Similarly, students who take the lead and do meaningful work should also be given material and non-material rewards. Many students who never get awarded for academic prowess will find immense thrill in getting recognition in this way. Whenever possible, at least some of the parents may be roped in to become part of this project, reducing the burden on the teachers. Quite often when such a scheme is announced, there are innovative parents who may come up with very useful suggestions, and also become a part of the work to be done.
Ideas to explore
Most of the below-mentioned projects have been successfully tried out in different schools, hence there is a precedent and schools can modify suitably and try them out:
- Make students go around the locality surveying different aspects such as heritage buildings, parks, the type of eateries, vegetable vendors, municipal offices, schools, colleges, non-profit organisations etc. Based on the age of the children, they can be given suitable tasks to get details or interview people.
- Occasionally a class can be held open-air in parks or the neighbourhood park, outside a stadium, in a playground – and the children can be asked to observe new things they see and write about them.
- Senior children can be asked to open a bank account, get an Adhaar card, help an elderly person get a Senior Citizen card, guide a person to get a card for free medical treatment.

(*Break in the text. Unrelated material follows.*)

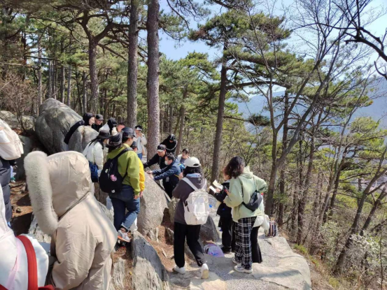 3月18日,实习路线:含鄱口—庐山植物园—东谷—五老峰—三叠泉。五老峰上,同学们学习了地垒、地堑、正断层、单面山、顺向坡、逆向坡、变质岩的类型和判断依据,同时领略了大自然的鬼斧神工;含鄱口,同学们回顾了冰川形成的地貌类型:冰斗、冰窖、“U”型谷、刃脊、角峰等;了解马刀树形成的过程及原因。庐山植物园内,同学们认识植物类型、种类、判断依据等;三叠泉千余级台阶,考验了同学们体力,明白了三叠泉两侧岩石的岩性、节理、断层及岩石之间的转化和三叠泉形成原因。

- With prior permission, visit a public hospital and give tasks to children to clean the open areas, talk to patients, write letters for them, make a list of facilities available, and find out about different illnesses.

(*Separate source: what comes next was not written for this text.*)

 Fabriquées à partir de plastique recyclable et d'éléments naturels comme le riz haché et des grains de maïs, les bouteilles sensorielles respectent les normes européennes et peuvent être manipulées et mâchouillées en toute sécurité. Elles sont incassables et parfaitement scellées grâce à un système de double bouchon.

- Photograph insects, animals and birds that can be seen around the school campus and make an album along with details of each living being.
- Visit an orphanage, make friends and report on one child each. Teach a lesson or skill to the inmates.
- Visit an old age home and interview one resident each, find out everything about their life, and make a short biography.
- Do a study of roadside hawkers or even beggars around the school, their needs, lifestyle and expectations.
- Visit friends’ homes and interview maidservants or domestic help, write in detail about their lives and challenges.
- Survey stray dogs in the area and their lifestyle, how they survive.
- Do an exploration of birds in the vicinity, look out for unusual birds, and get their details, take photographs, and monitor their movements.
The above is only a representative list. If teachers list out some of the above and ask students for suggestions, they will be amazed at the creativity and imagination with which new ideas will come forward. If possible, connect each activity to at least one or two subjects the students are studying and show them how studies eventually lead to tackling real-life issues.
Once children get into the habit of doing such projects, parents may be encouraged to take their children (or a small group) out for similar projects, if possible in rural areas amidst nature, particularly during holidays. The children can then present their findings on return to school, and their work can be put up on special notice boards in the corridors.
Certificates of recognition or appreciation can go a long way in keeping motivation alive, and will also help the child in later life for admissions or work assignments.